In [1]:
!pip install transformers



In [15]:
import random
import pandas as pd

# Function to randomly delete words from a sentence
def random_deletion(sentence, p=0.1):
    words = sentence.split()
    if len(words) == 1:
        return sentence

    # Keep words with probability 1 - p
    words = [word for word in words if random.uniform(0, 1) > p]
    return ' '.join(words) if words else sentence

# Function to randomly swap words in a sentence
def random_swap(sentence, n=2):
    words = sentence.split()
    if len(words) < 2:
        return sentence

    for _ in range(n):
        idx1, idx2 = random.sample(range(len(words)), 2)
        words[idx1], words[idx2] = words[idx2], words[idx1]
    return ' '.join(words)

# Function to randomly add a word to the sentence
def random_insertion(sentence, n=1):
    words = sentence.split()
    if not words:
        return sentence
    for _ in range(n):
        word_to_add = random.choice(words)
        idx = random.randint(0, len(words))
        words.insert(idx, word_to_add)
    return ' '.join(words)

# Function to apply noise injection augmentation
def noise_injection(sentence, deletion_prob=0.1, num_swaps=2, num_insertions=1):
    if not sentence.strip():
        return sentence
    # Apply random deletion
    sentence = random_deletion(sentence, p=deletion_prob)
    # Apply random swap
    sentence = random_swap(sentence, n=num_swaps)
    # Apply random insertion
    sentence = random_insertion(sentence, n=num_insertions)
    return sentence

# Function to augment the entire dataset with noise injection
def augment_dataset_with_noise(data, num_augmentations=5, deletion_prob=0.1, num_swaps=2, num_insertions=1):
    augmented_texts = []

    for _, row in data.iterrows():
        sentence = row['corrected_tweet']
        label = row['class']
        augmented_texts.append({'corrected_tweet': sentence, 'class': label})

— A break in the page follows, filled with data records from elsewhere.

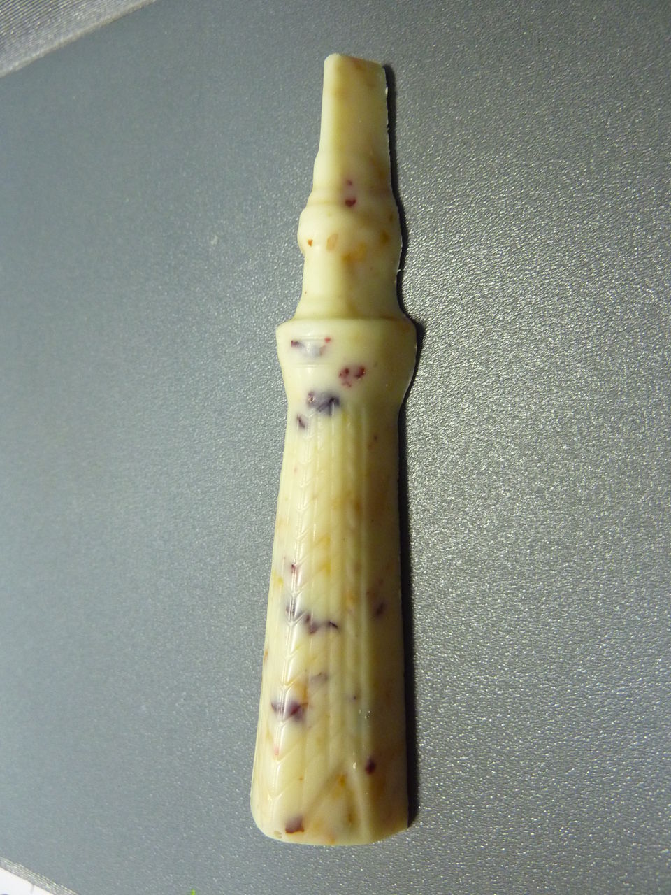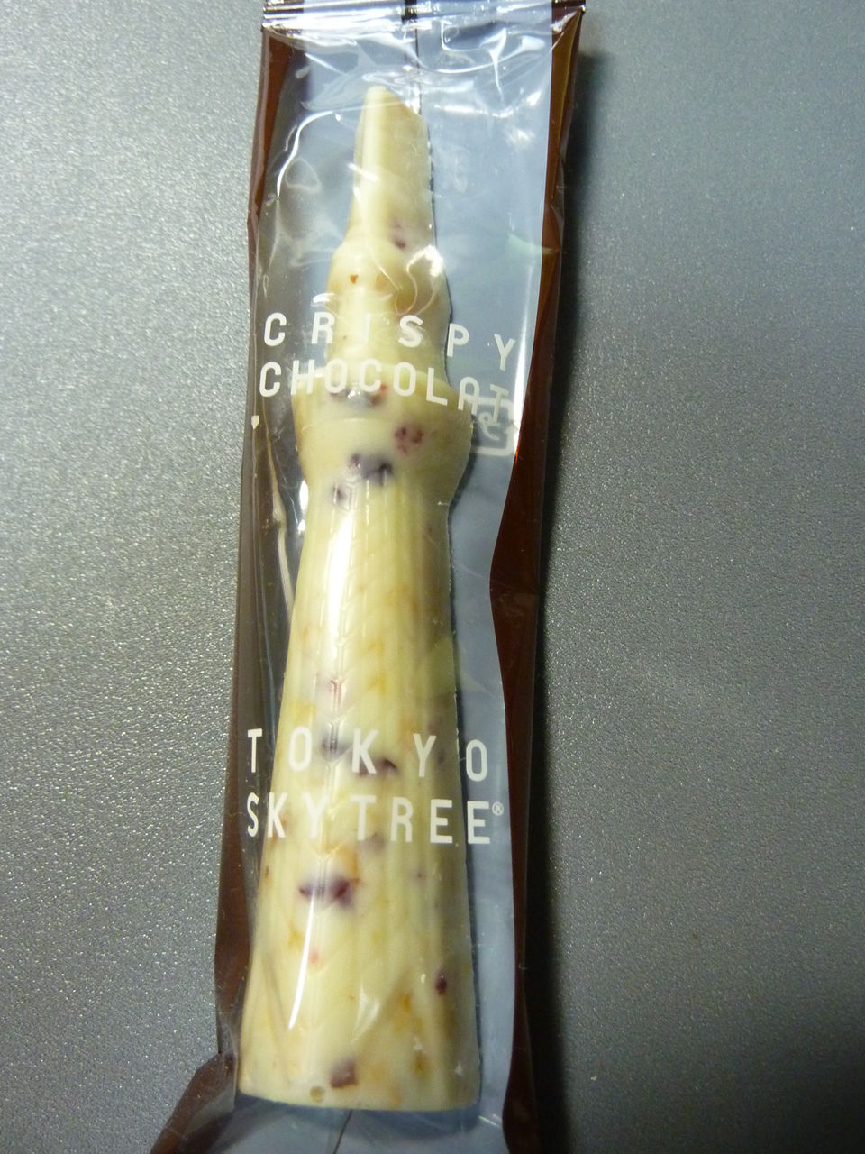 実際にスカイツリーの形になったホワイトチョコで、大きさがちょうど本物のスカイツリーの6600分の1になっている。モロゾフさんが出しているので味は申し分なく美味しい。
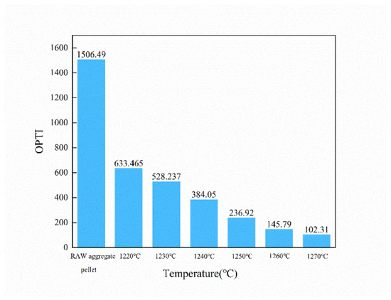 Figure 10 shows the OPTI index of the ceramsites with different sintering temperatures. Before sintering, the OPTI index of the raw pellet was high, even reaching 1506.49, which is harmful to the environment. When the sintering temperature was increased to 1250 °C, the OPTI index of the ceramsites was only 236.92, indicating that the ceramsites are generally safe.
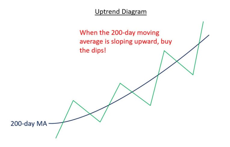 The diagram below illustrates a confirmed uptrend based on the 200-day moving average, showing how oversold readings or dips are typically short-lived and typically followed by further gains:
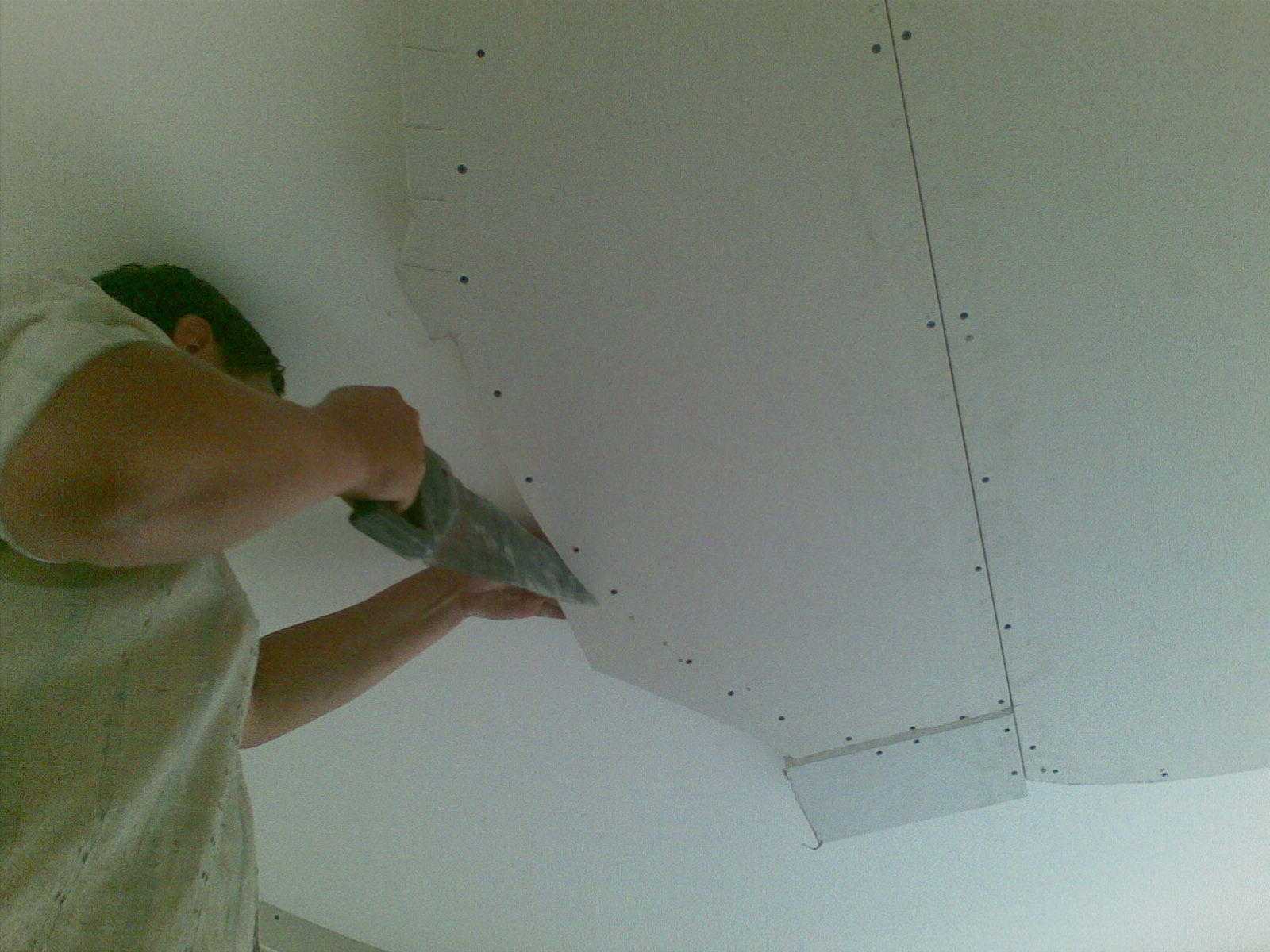 После окончания обшивки остается выполнить качественную окончательную отделку гипсокартонного потолка шпатлевкой, а после этого аккуратно вскрыть его краской.
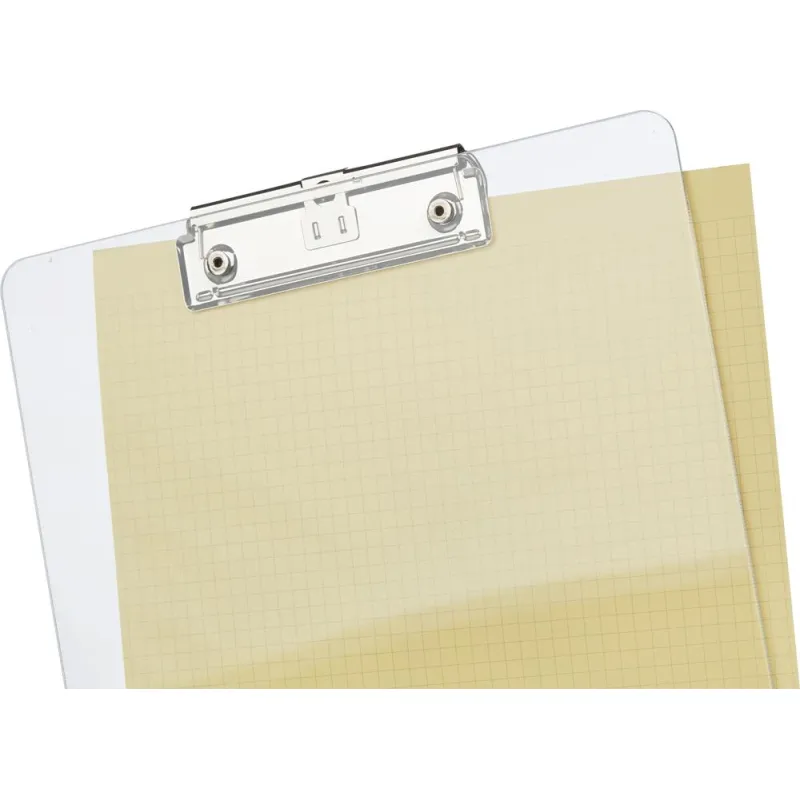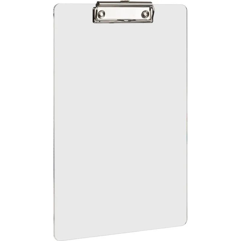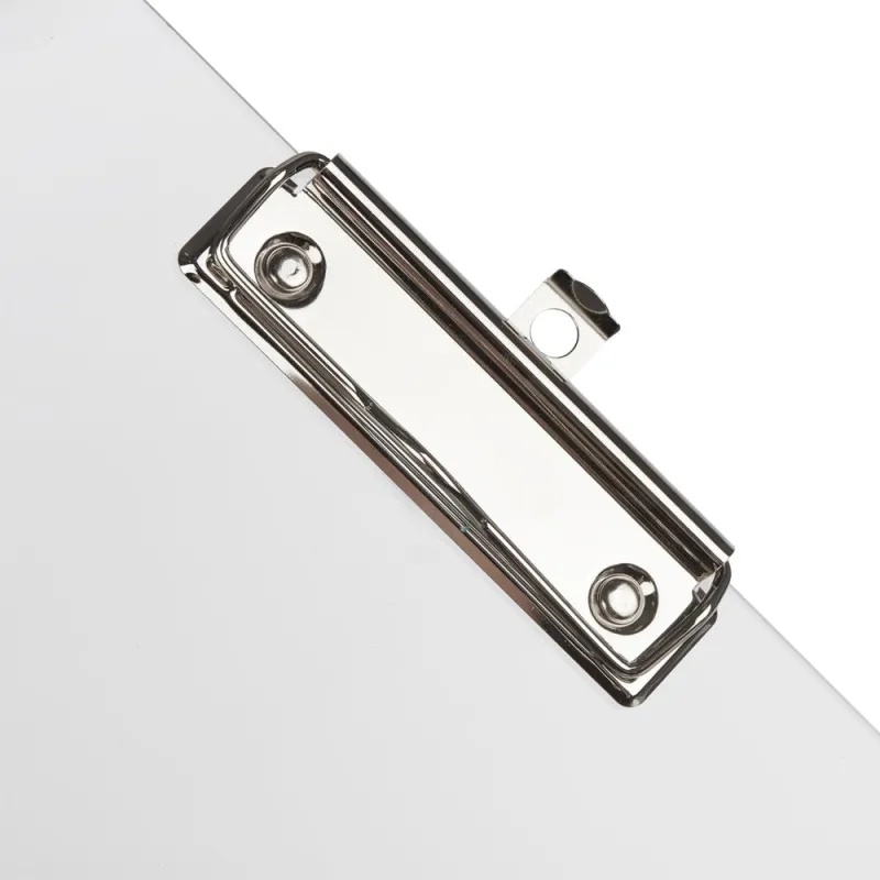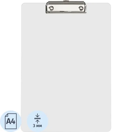 Планшет Комус формата А4 (220×320 мм) изготовлен из акрила толщиной 3 мм, углы скругленные. На одной стороне шириной 220 мм находится хромированный прижимной механизм для крепления листов. Механизм крепится к акриловой основе при помощи хромированных заклепок.
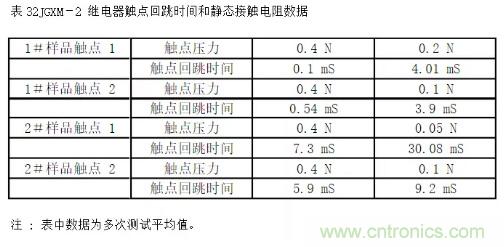 觸點(diǎn)接觸電阻包括動(dòng)合點(diǎn)接觸電阻和靜合點(diǎn)接觸電阻,是繼電器最重要的參數(shù)之一,也是最難測(cè)的參數(shù)的之一。圖3顯示了對(duì)繼電器觸點(diǎn)進(jìn)行四線凱爾文測(cè)試的原理。說(shuō)其難測(cè)是因?yàn)榻佑|電阻只有幾十毫歐、十幾毫歐,甚至只有幾毫歐,如果不是全線采取四線凱爾文測(cè)試,扣除測(cè)試系統(tǒng)的內(nèi)部電阻和接觸電阻則很難將其測(cè)準(zhǔn)。說(shuō)其重要是因?yàn)橛|點(diǎn)接觸電阻除了反映觸點(diǎn)的電性能(電阻)以外,還反映了觸點(diǎn)的化學(xué)和物理性能,例如觸點(diǎn)表面是否有鈍化膜產(chǎn)生,觸點(diǎn)間的壓力是否能達(dá)到設(shè)計(jì)要求。試驗(yàn)證明當(dāng)繼電器中的彈性材料應(yīng)力減退,觸點(diǎn)壓力下降將會(huì)在觸點(diǎn)接觸電阻參數(shù)上有明顯的反映,所以觸點(diǎn)接觸電阻與繼電器的接觸可靠性密切相關(guān)。表2顯示了繼電器樣品在試驗(yàn)中觸點(diǎn)接觸電阻和觸點(diǎn)壓力之間的關(guān)系。
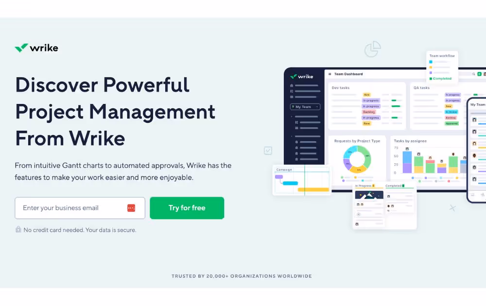 Want to manage projects and teams in one place? Wrike is the place to be. It is best for aligning teams on deadlines and events. It also has customizable calendars and dashboards, Gantt charts, and Kanban boards to help companies gain more control over their workload.

        # Generate augmented samples
        for _ in range(num_augmentations):
            augmented_sentence = noise_injection(
                sentence,
                deletion_prob=deletion_prob,
                num_swaps=num_swaps,
                num_insertions=num_insertions
            )
            augmented_texts.append({'corrected_tweet': augmented_sentence, 'class': label})

    return pd.DataFrame(augmented_texts)

# Load the dataset
dataset_path = '/content/labeled_data_cleaned_whole.csv'
data = pd.read_csv(dataset_path)

# Handle missing values
data['corrected_tweet'] = data['corrected_tweet'].fillna('')
data['corrected_tweet'] = data['corrected_tweet'].astype(str)

# Apply noise injection augmentation
augmented_data = augment_dataset_with_noise(data, num_augmentations=3, deletion_prob=0.1, num_swaps=2, num_insertions=1)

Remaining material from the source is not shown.